I thought I was the one to create what I feel are mental breakdowns. I finally got my self mentally to understand that I do need to do what I feel is right for me and my daughter. My daughter in the way fo what she needs from me as her mother. I have the support of my family no matter what.

I went away for weekend and did not want to come back. I for my daughter, but didn't want to for H. I feel good when I'm away. I don't have to worry about what I feel is the 'wrath' when I'm gone. I didn't want to come back as the pattern is a day or so later it's all thrown back at me. He is a revengful person and admits it. In our millions of talks, he said if what I need to be happy, is to not be in this marriage, then I need to come to grips with that, say it, and we will figure it all out. Well, I've done that. 

When I came home from my little weekend, as soon as I walked in the door he cried whole time (infront of our daughter) told me he wasn't going to visit his mom in AZ, that is money he will use towards moving out. I did say I didn't expect it to be that way. Guess I felt we were close enough, not to mention my guilt of him not having a lot of money and his job not so stable, I thought some how we could still 'co-habitate' until things are arranged and settled. Not only to help each of us out financially, but, to not immediately, cold turkey, disrupt our daughters life.

He met with his new pastor, came home, again...with a completely different outlook. Begging for my forgiveness, saying he once again has spoken words he didn't mean that shouldn't be. My head immediately went into overdrive and at high speed! WHAT is going on??? He is saying all this (again with our daughter there) and I tell him we will talk later.

After daugther in bed, it starts. He says the pastor made him realize he's wrong, his thinking is wrong, his actions, and that everything H has told him, is completely salvagable. There's been no infidelity, and all that has happend can be corrected but only if we BOTH want it to. H is now reciting to me what the Bible says. That he took a vow, an oath, a commitment, and no matter what God and the Bible tell him to stand by that no matter what. He is not accepting that I say I'm no In love with him anymore. He says 'yes at one time you REALLY loved me' which means, you can again. He repeats to me about how I come from a very close family, a very strong bonded family and that is why he knew by marrying me we would be happily ever after. I told him that is one of my guilts...being a dissapointment to family. He has now used that card against me.

He reinformed me how I never want to ruin Sadies life, or his. He says he is a product of divorce, his son is a product of divorce, divorces ruin childrens lives. They put children insituations that create for them to not have good strong lives. If I want to do whats right by my daughter, I need to find away to make sure she stays in a both parent environment. Not seperated homes.

He said the pastor offered to counsel us, but only us together, not seperate. I told him I just feel we are wanting different things, he is wanting a different life than I now. He talked and talked and all I could do is sit there. I'm so done with the rollercoaster...I need off of it! After many statements, etc...he then says....if you cared about me and our daughter at all...you will go and talk with pastor...and then see if you still feel you need out of this marriage. I didn't respond. Then he says "if your heart is not in it, then I guess it's wasting his time, and I'm not sure what we do from here". I looked at him, starting crying and said...my heart is not in it anymore.
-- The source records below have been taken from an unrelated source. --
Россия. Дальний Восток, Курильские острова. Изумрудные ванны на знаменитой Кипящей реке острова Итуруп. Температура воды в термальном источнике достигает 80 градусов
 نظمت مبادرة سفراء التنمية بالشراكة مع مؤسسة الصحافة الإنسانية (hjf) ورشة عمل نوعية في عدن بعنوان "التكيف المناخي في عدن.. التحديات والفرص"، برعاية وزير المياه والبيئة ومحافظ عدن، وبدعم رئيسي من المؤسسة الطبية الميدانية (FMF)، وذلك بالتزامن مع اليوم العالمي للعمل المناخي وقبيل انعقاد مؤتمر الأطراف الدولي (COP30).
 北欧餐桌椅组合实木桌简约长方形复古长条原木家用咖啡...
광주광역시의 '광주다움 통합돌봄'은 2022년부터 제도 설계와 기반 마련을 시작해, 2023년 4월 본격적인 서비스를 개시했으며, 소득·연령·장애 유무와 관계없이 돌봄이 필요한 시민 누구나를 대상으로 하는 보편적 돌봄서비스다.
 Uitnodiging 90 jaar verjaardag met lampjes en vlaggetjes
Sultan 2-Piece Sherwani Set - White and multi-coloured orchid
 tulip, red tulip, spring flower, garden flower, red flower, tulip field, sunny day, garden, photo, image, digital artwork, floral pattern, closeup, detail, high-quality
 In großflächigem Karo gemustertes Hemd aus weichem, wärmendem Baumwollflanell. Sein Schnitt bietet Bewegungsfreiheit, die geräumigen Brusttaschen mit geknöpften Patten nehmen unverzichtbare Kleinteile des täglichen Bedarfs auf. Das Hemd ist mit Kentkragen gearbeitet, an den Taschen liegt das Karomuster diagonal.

He then went on about, if I say I do not love him, really love him,then he feels I never did from the begging, back to 12yrs ago when we got married. AND if he "finds out" or realizes I NEVER loved him...OH...OH......(nothing he then went silent). I told him he was being completly unfair in saying or thinking I NEVER loved him! I said, I am learning that people to grow, grow apart and change. I have done that! That does not mean I never loved you. I love to where I care about you, I worry about you, but I just do not feel this is what I need anymore. I no longer want to worry about everyone else, I no longer want to do what makes everyone else happy regardless if its' what I want or not. I am tired of living for everyone elese. I'm 40 and want to start living for me! Worrying about me! Our daughter deserves a mom who is not an emtional disaster! Our daughter deserves a mom who is happy daily loving her life. He said he agrees...and the same from her dad. I said yes, that is correct. Then he says, "I don't like what I'm hearing....so I'm not going to speak anymore as I start saying things I regret. I think you are just confused, I think you need to go see the pastor. He will make sense to you like he did me. He's very blunt and there were things he said I didn't like, but that's what we need. He can help us. He even says it's not lost...it's salvagable."
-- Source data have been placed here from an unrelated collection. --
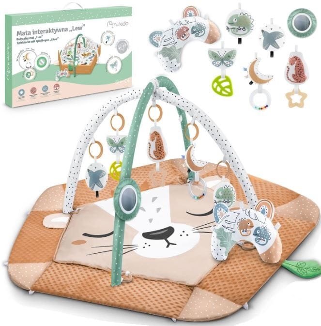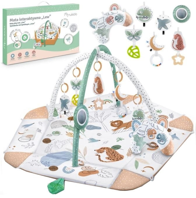 Mata ma pastelowe kolory. W zestawie znajduje się 5 zabawek do zawieszenia oraz lusterko i wałek - poduszka tummy time, na której można wesprzeć maluszka leżącego na brzuszku.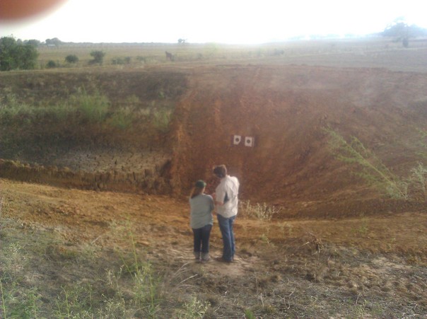 A blue jean-clad couple observe the muddy and rough landscape they one day will call home. |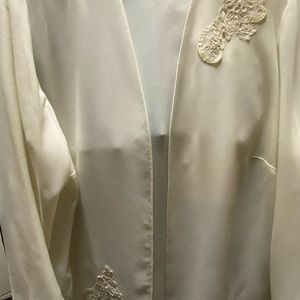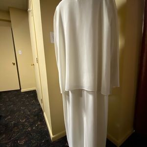 Two Sequin appliqués on front of jacket. Sleeveless gown with back kick pleat. Jacket semi sheer.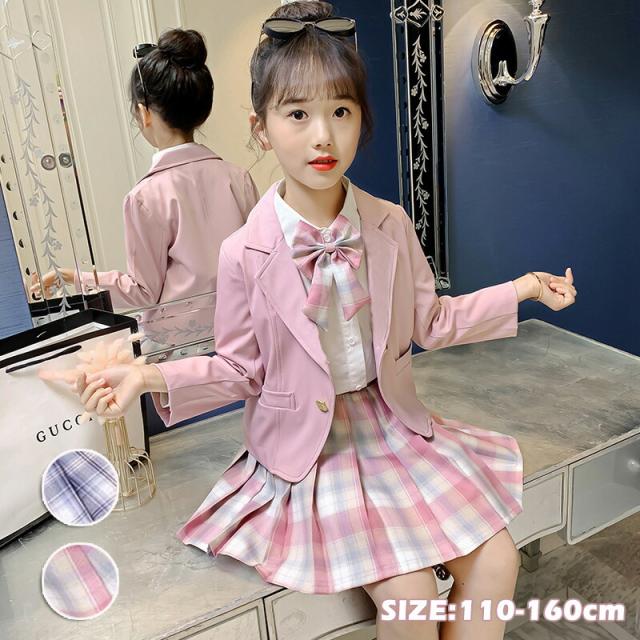 チェック柄 入学式 スーツ 女の子 ジャケット スカート 蝶結び 卒園式 子供服 韓国 制服 セットアップ フォーマルスーツ 2点セット キッズ 入園式 卒業式 発表会 長袖
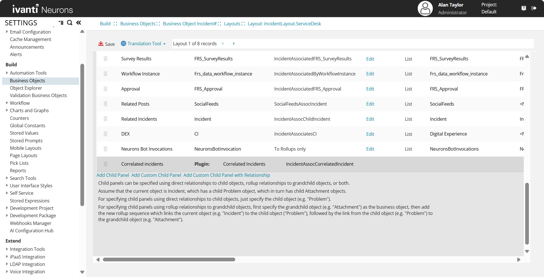 1.From the Configuration console, select Build > Business Object > Incident > Layouts.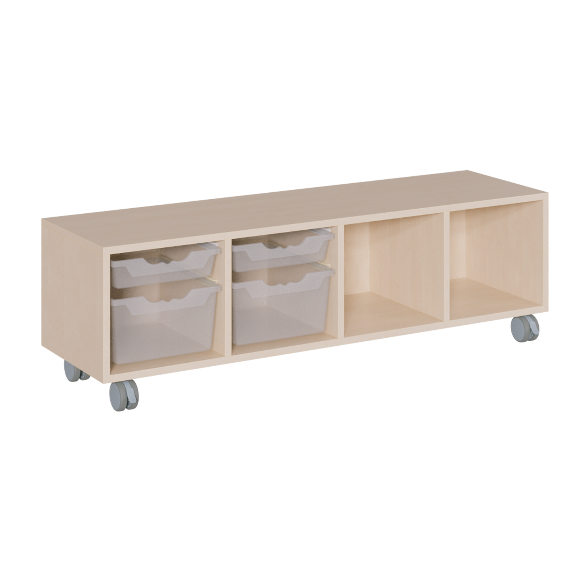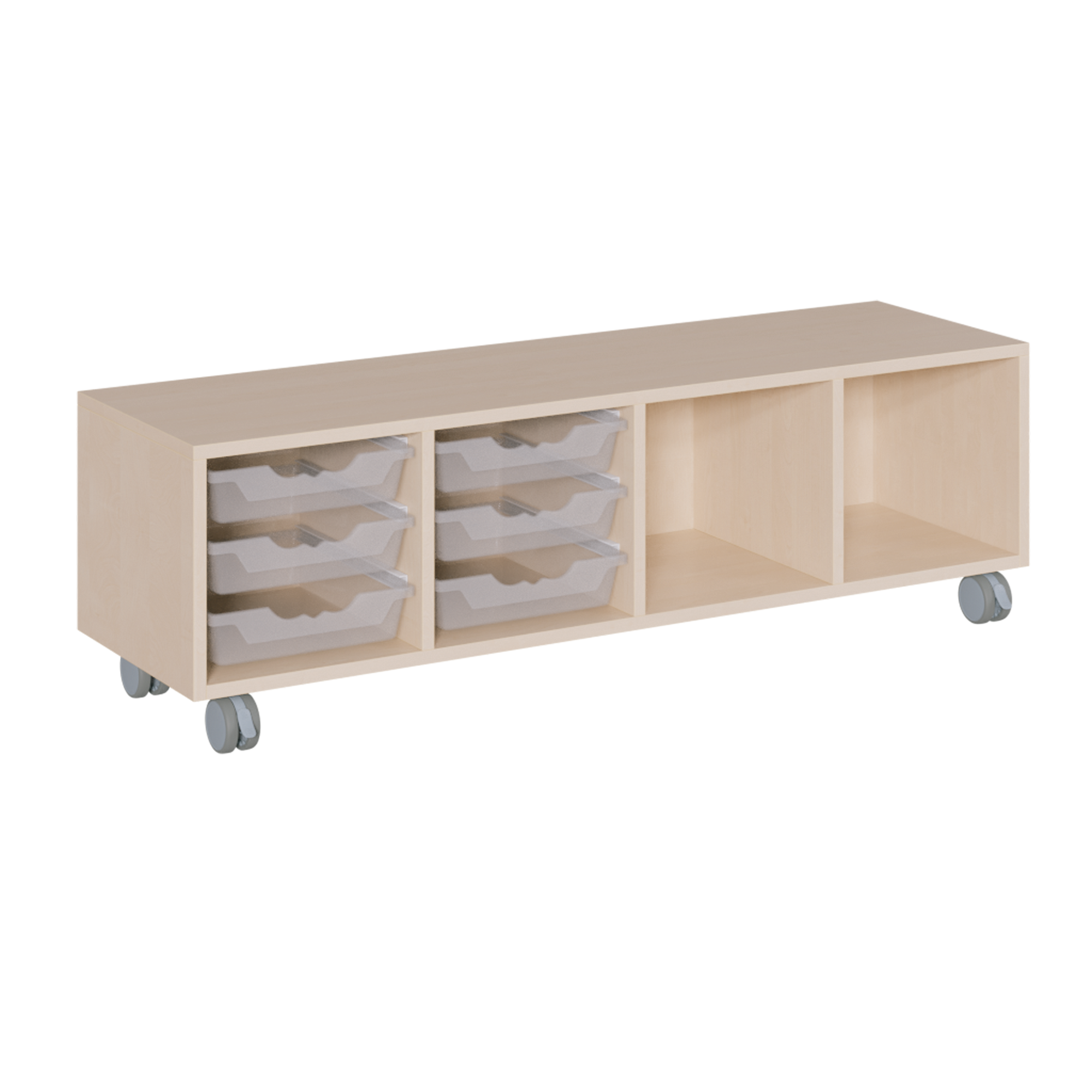 B/H/T: 139x42,5x40 cm, in 4 Reihen 6 flache ErgoTray-Boxen und 2 Fächer

I'm sitting here typing to you all feeling like I am on the verge of a breakdown. If that is even possible as I thought I already had one yesterday! How many more can a person have? How much can a person truly take mentally? Is this what love is about? About "convincing" each other you are in love? Brain washing? I have just poured my heart out to him, I have said things I never wanted to say, but I did, I have come to realize I don't want to be in this marraige and I found the strength and he is telling me I'm confused!! Now telling me if I care about our daughter I wont' do this and I will go to counseling for how ever long it takes to find love for him again! I'm tired people!!! I'm so very tired!! THIS is what is not good for our daughter!! THIS...my mental state!!! He is making me feel I'm a freakin idoit! He makes me feel my feelings are imaginary...false, almost like I'm not really in my body. I feel like I'm outside myself looking in like I'm 2 people. 

I stopped talking. He said it's not lost, as I've done everything he asked in past...seeing my OB for hormonal issues, going to a counselor (in past), seeing my regular doctor and getting medication. I looked at him and said "you are right, I've done everything you've asked...I ALWAYS have done what you ask no matter what" ..he said...then do just this last thing...go speak to the pastor. IF then you still feel same, IF he says after speaking with you it is not salvagable...then I guess we will decide best path to take. BUT (he says) I dont' think that is what will happen. You loved me at one time, this happens inmarriages and although it will take time...it can come back and I'm willing to take what ever time needed. He ends with 'do what's righ for our daughter and get back our love and make it stronger for her"

OMG.....I'm LITERALLY making myself sick over all the guilt and comments!! My stomach hurts, I want to through up thinking I can through up the pain and pit in my stomach!!! 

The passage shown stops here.